Professional ratings
Review scores
| Source | Rating |
| AllMusic |  |
| Calgary Herald | B |

==Critical reception==
Dave Obee from Calgary Herald wrote, "Formerly a sextet - really - S`Express is down to the duo of Mark Moore and a singer named Sonique - again, really. Moore is, allegedly, the brains behind the band, but Sonique is the real story. Her sultry, soaring voice - reminiscent almost of Boy George's - can handle a wide variety of material, all based on a dance beat. When she`s not singing, the disc offers solid dance music with occasional flashes of brilliance. When she is, the clouds part and the sun shines through. And soon, she`ll have us all dancing to "Twinkle, Twinkle, Little Star". Yes, really."

==Track listing==
===US CD (9 26520-2) ===
Source:
1. "Nothing to Lose" - 6:45 *
2. "Trumpets" - 6:52
3. "Find 'Em, Fool 'Em, Forget 'Em" - 4:48
4. "Twinkle (Step into My Mind)" - 5:45
5. "Nervous Motion" - 6:35
6. "Find Time to Be Yourself" - 4:03
7. "What Does it Take?" - 6:03
8. "Supersonic Lover" - 5:20
9. "Brazil" - 4:29
10. "Mantra for a State of Mind" (Club Vocal) - 8:47
11. "Twinkle (Step into My Mind)" (Psychotronic Mix) - 7:03
12. "Nervous Motion" (Gurls Mix) - 6:35

  - A second US pressing replaced this version with the 2:54 Single Mix (taken from the US 9 track CD single) of 'Nothing To Lose'. The album catalogue numbers are identical although the CD matrix numbers differ - 1 26520-2 RE-1 SRC+01 for the 2:54 Single Mix and 1 26520-2 SRC=02 for the regular 6:45 version.

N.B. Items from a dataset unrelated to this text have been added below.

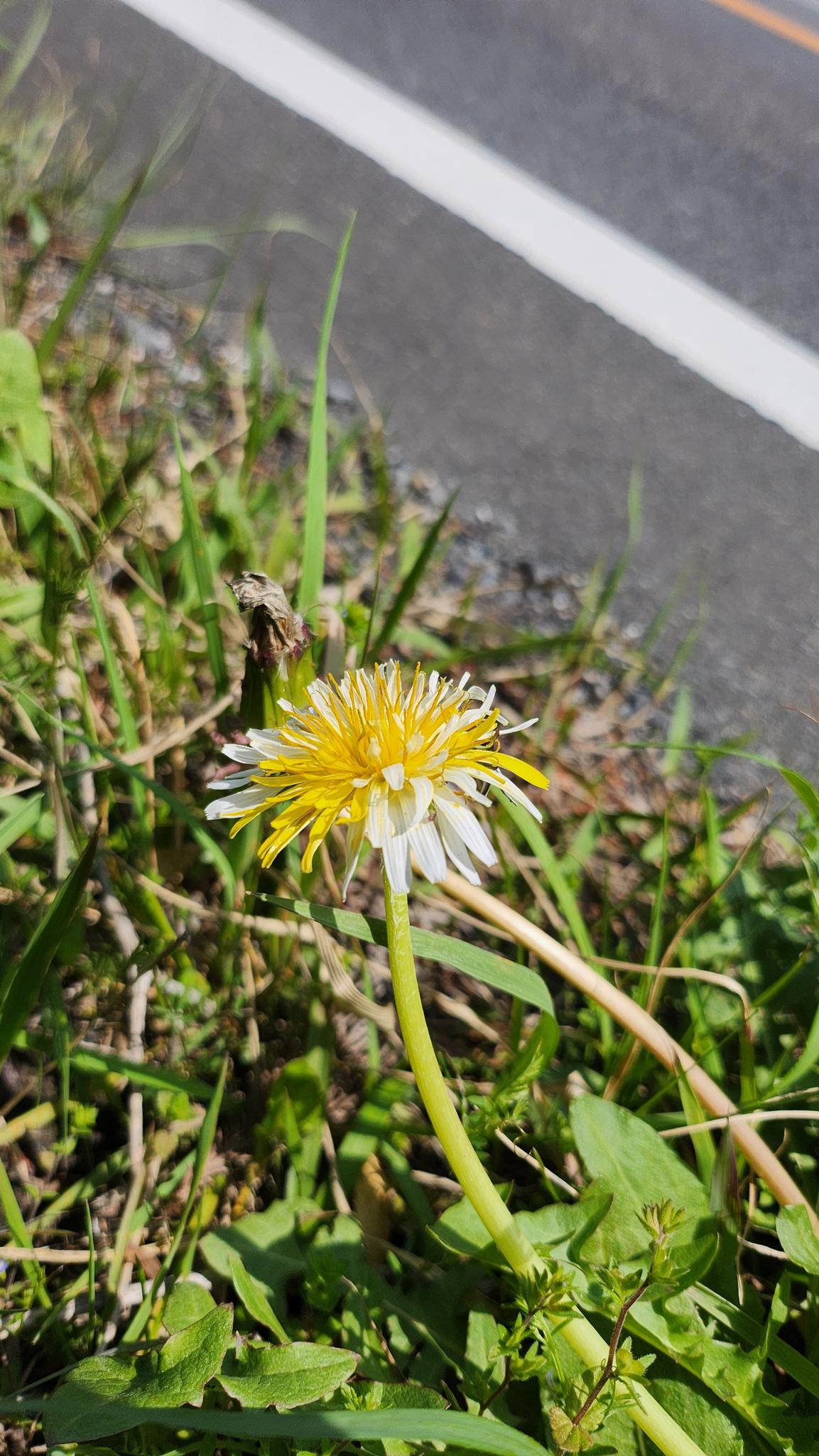 帰るために反対車線の取り残しを調査し、最後の群落でキバナシロタンポポを見つけました。ふと目を横に移すと、花の半分が白で、半分が黄色のタンポポがあるではありませんか!うーん、あなたは、キバナシロタンポポ?それともシロバナタンポポ?(写真を撮ったのですがきれいに半分に分かれて写っていませんでした。標本としては採集しています。)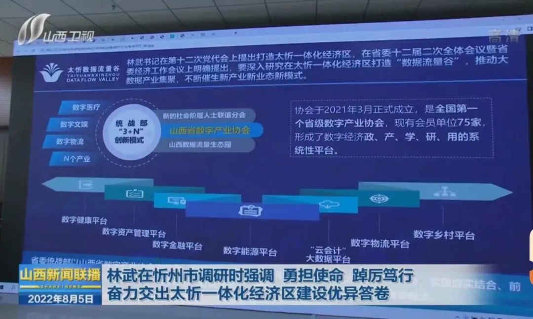 8月3日,林武首先來到太忻數(shù)據(jù)流量谷,聽取規(guī)劃建設(shè)、平臺服務(wù)、招商引資等情況介紹,與華為、百度、時光軸、祥睿能源等入園企業(yè)項目負責人交流。省工商聯(lián)副主席、祥睿能源董事長王正通代表山西數(shù)字產(chǎn)業(yè)協(xié)會,就太忻數(shù)據(jù)流量谷三大建設(shè)思路向林武書記進行了匯報:一是迅速匯集,打造“7+N”數(shù)據(jù)平臺和數(shù)據(jù)產(chǎn)業(yè)鏈體系;二是虛實結(jié)合,通過數(shù)字化、綠色化產(chǎn)業(yè)平臺帶動高端裝備制造業(yè)形成前輕后重的太忻模式;三是通過數(shù)據(jù)流量谷形成賦能山西傳統(tǒng)產(chǎn)業(yè)轉(zhuǎn)型的生態(tài)體系。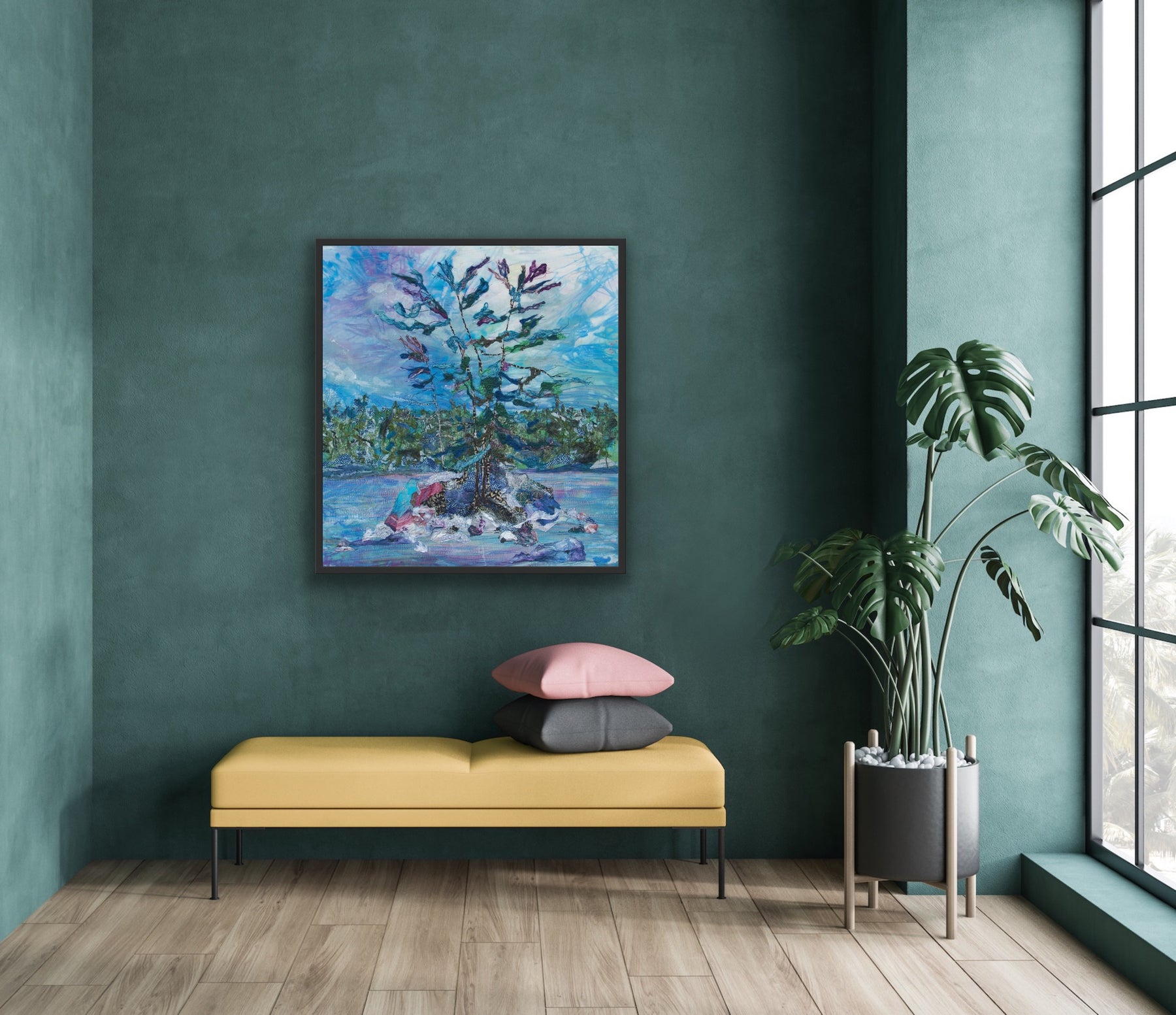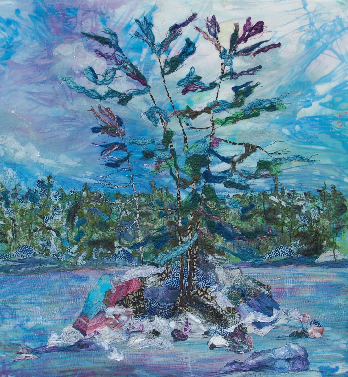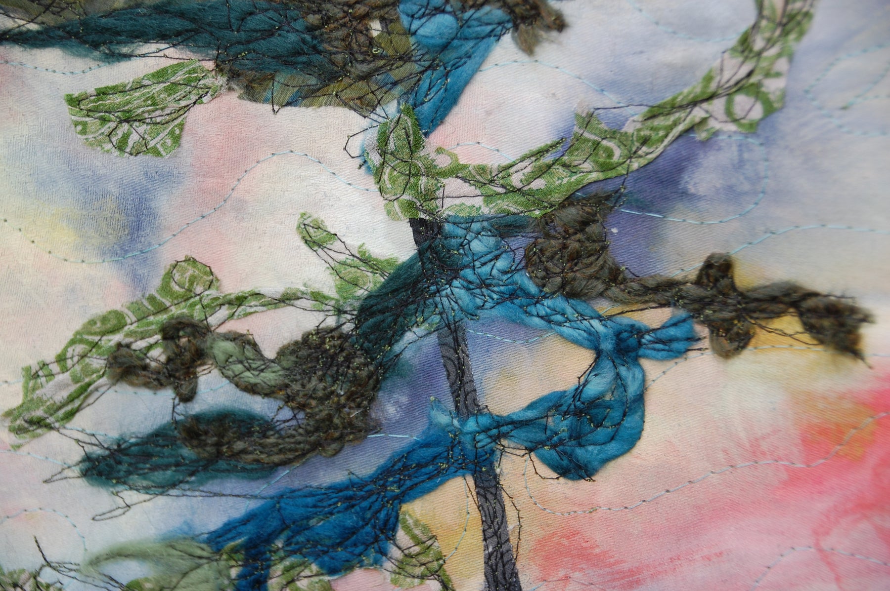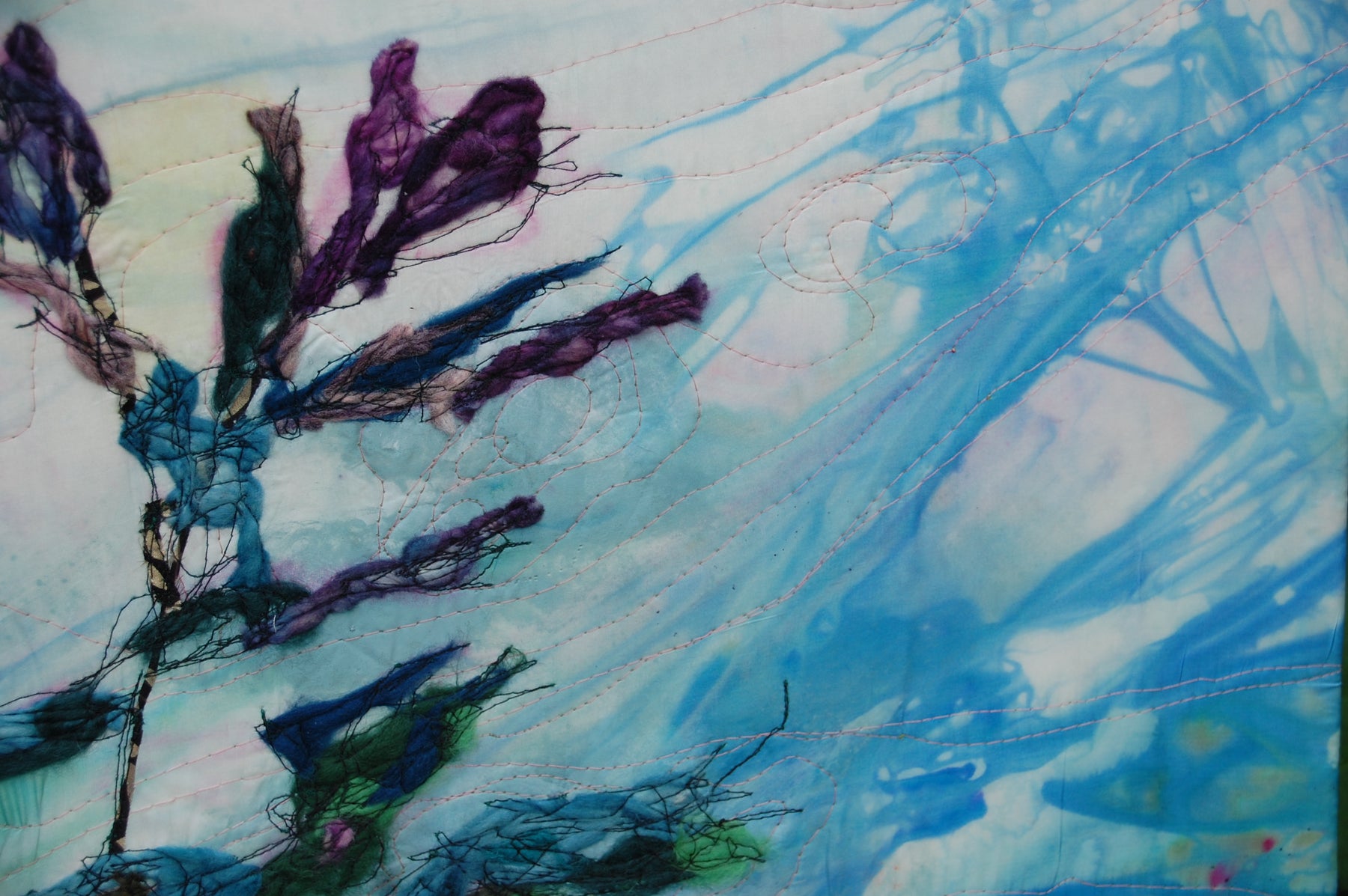 Textile art, machine and hand-stitched, with merino wool on a hand-dyed pure silk sky
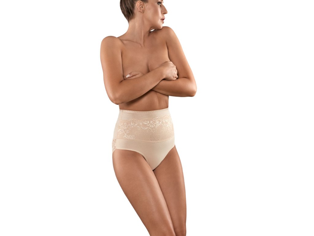 Kalhotky s vyšším sedem, které modelují postavu a jsou zvýrazněné krásnou jemnou krajkou. Pokud hledáte spodní prádlo, které zlepší tvar vašeho bříška a boků, zeštíhlí a zeštíhlí tuto oblast, a máte ráda měkké materiály a ženský půvab - zvolte tento model. Speciální zóny jsou pro vás výhodné. Krajkový pásek se vymyká obvyklým standardům a ukazuje, že modelování spodního prádla může být jednoduše funkční, ženské a krásné. Linie hýždí je také krajková. Složení: 92 % bavlna, 8 % elastan. Pás 87 % polyamid, 13 % elastan.Velikost

===UK LP & CD (468567 1/2) ===
Sources:
1. "Nothing to Lose" - 6:45
2. "Trumpets" - 6:52
3. "Find 'Em, Fool 'Em, Forget 'Em" (Wondere(s)que Mix) - 3:32
4. "Twinkle (Step into My Mind)" (Psychotronic Mix) - 7:03
5. "Nervous Motion" - 6:05
6. "Find Time to Be Yourself" - 4:03
7. "I Like It" - 6:41
8. "Supersonic Lover" - 4:33
9. "Brazil" - 4:29
10. "Mantra for a State of Mind" (Club Mix) - 8:47 *
11. "Find 'Em, Fool 'Em, Forget 'Em" (The Eighth Out Mix) - 7:47 *

  - CD bonus tracks. The booklet lists the timings for these tracks in the wrong order.

==Notes==
- The UK and US regular versions of "Nervous Motion" are, although not identified as such, different mixes.
- "Supersonic Lover" is edited for the UK release.
- The 'Club Mix' and 'Club Vocal' versions of "Mantra for a State of Mind" are identical.